Diligence Questions To Ask The Founders
- What is your plan for commercializing this product beyond the hackathon?
- Have you considered how to scale this geospatial pipeline beyond Manhattan?
- How do you intend to monetize this app, if at all?
- What are the technical and operational challenges of moving from a prototype to a production-grade service?
- Are there any legal or regulatory considerations for using OpenStreetMap and NYC data?

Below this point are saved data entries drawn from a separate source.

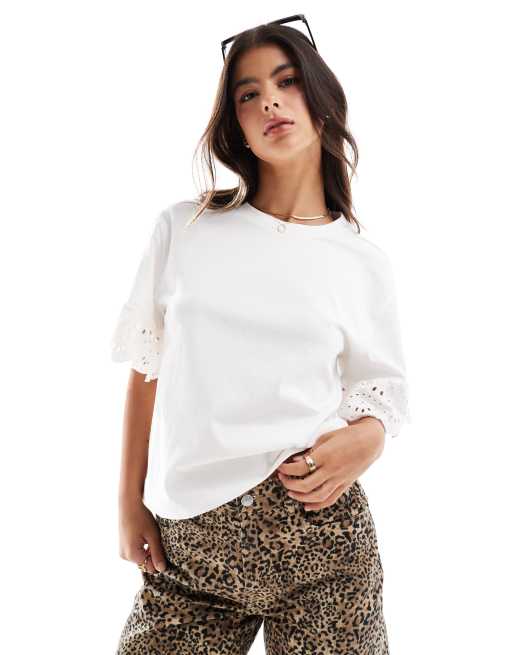 Object – Kremowy T-shirt o pudełkowym kroju z angielskim haftem na rękawach
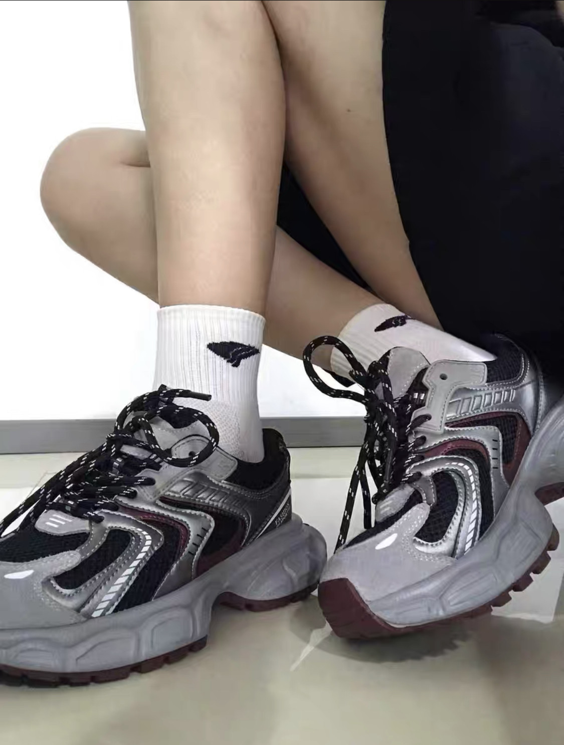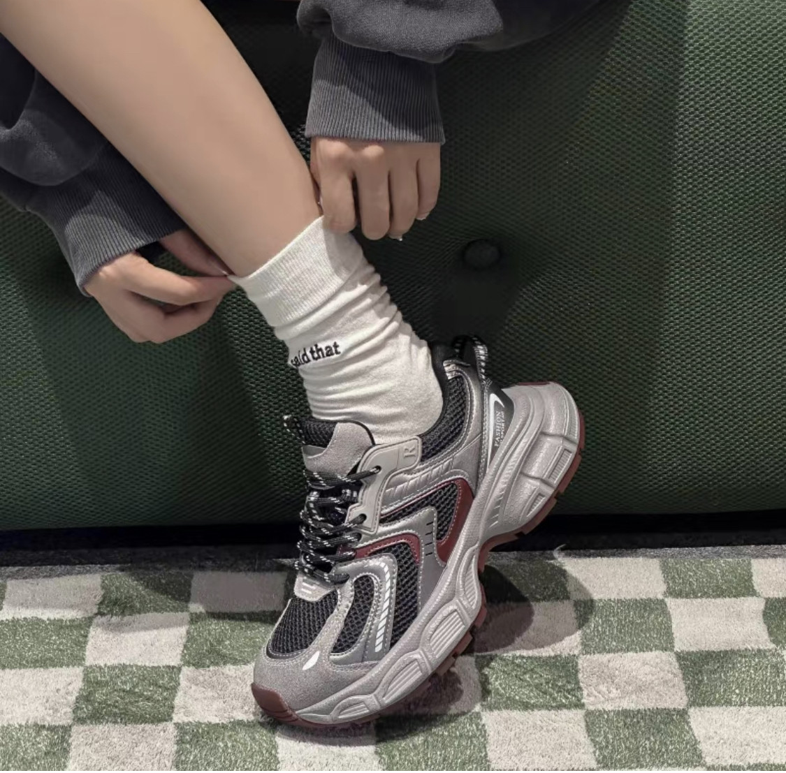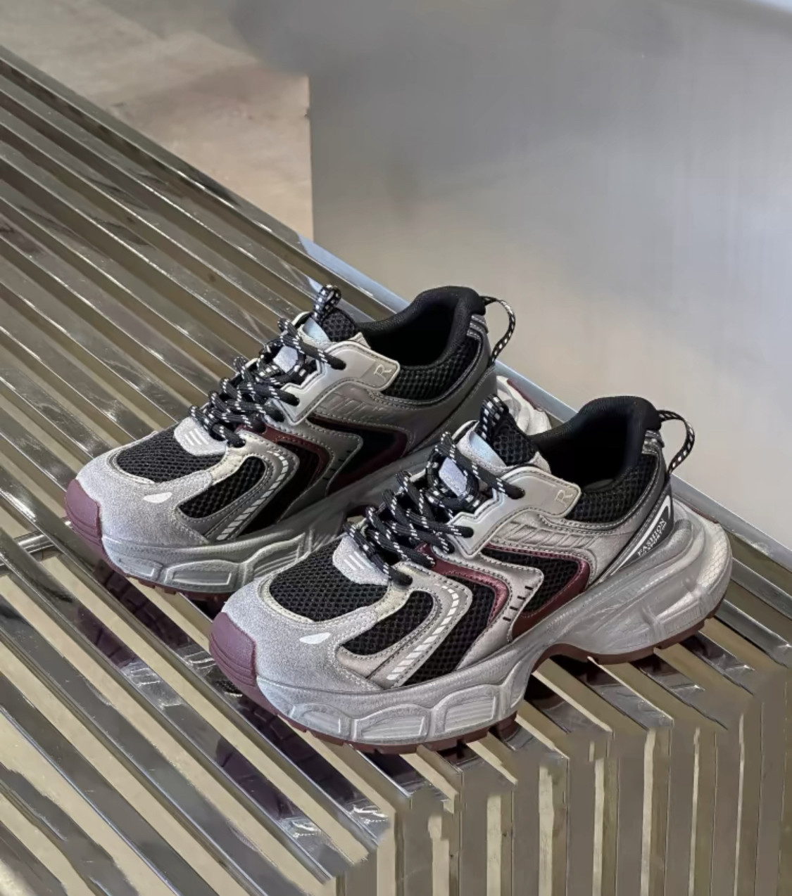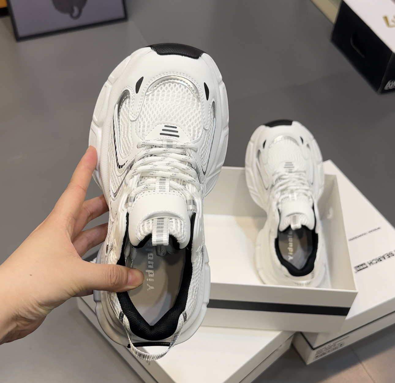 Zhao Lusi's Same Style Silver Dad Shoes for Women, 2026 Spring/Summer New Model, Genuine Leather, Thick-Soled, Height-Increasing, Breathable Mesh Casual Shoes
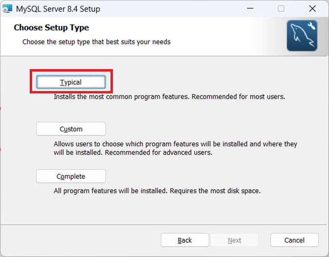 ③インストールタイプの選択画面となるので「Typical」をクリックします。

Investment/Partnership Verdict
Not evidenced. The project is described as a hackathon submission with no evidence of traction, revenue, or commercialization plans. It is not clear whether the author intends to build a product beyond this prototype.
Evidence:
- "Everything above is the authors' own account. It is not independently verified, and no revenue, customer or traction data is available beyond what they state."
- "This project was submitted to the OpenAI 2026 hackathon on Devpost."
Source
Submitted to the OpenAI 2026 hackathon on Devpost. Project home on DevPost.
The analysis above was generated by a language model from the project's own one-line description. It is not independent research and contains no verified traction, revenue or customer data.